Granularity is a key factor, however. We saw that batch-mode supercomputer processing failed even the majority of the scientific community for many reasons related to grain-size and centralization. The distributed model now becoming feasible works at a far finer grain in time as well as task, and should for the most part be fairly transparent or controllable by the individual. Example: if I wish to OCR all the articles which were faxed to me for a book, I may choose to invoke an OCR service which would do its job on a centrally administered compute server, leaving me free to continue my work on a lightweight mobile computer.

[16] By computability I intend more than numerical analysis, of course. This includes any methods which use algorithms that can be effectively computed in present-generation technology. So this excludes, for now, stylistics on music or speech, but includes limited extraction of semantic nets from text.

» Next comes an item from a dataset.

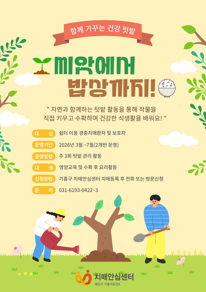 센터 관계자는 “텃밭 활동은 심리적 안정과 정서적 만족감을 높이고, 신체 활동과 인지 자극에도 도움을 줄 수 있다”며 “관심 있는 분들의 많은 신청을 바란다”고 말했다.
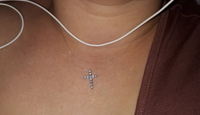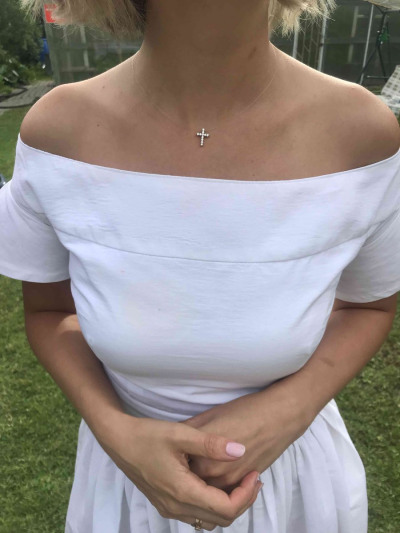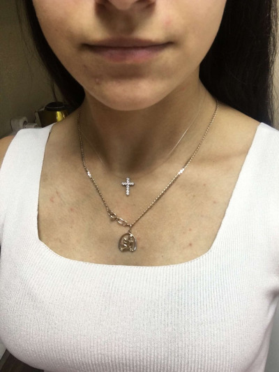 Крестик небольшой, но смотрится симпатично, мне очень понравился. Потом к нему закажу многослойную цепочку и я думаю будет смотреться вообще шикарно.

[17] I am by no means advocating the indiscriminate use or universal utility of quantitative model-building, particularly in disciplines such as mathematics or literary studies which rest on alternative modes of discourse and reasoning.

[18] Examples: P. Sells' Syntax Workbench; J. Barwise and J. Etchmendy's Turing, Tarski and Hyperproof programs; Geometer's SketchPad, ScratchPad (AXIOM), Mathematica, Maple.

[19] There are a few possible routes to the future, such as Mathematica or the language M. See also remarks on computable text in III.B.

[20] I do not claim by any means that research or learning can be automated in a vulgar sense! In fact, this is nonsensical when we are speaking of the knowledge attainment by humans rather than their proxies. Nor do I claim that computer tools or computational methods can be propagated willy-nilly in all disciplines. Just as sprinkling "workstations" into faculty offices yielded little fruit, transplanting uncontextualized computational methods or tools into scholar's hands will yield little scholarship.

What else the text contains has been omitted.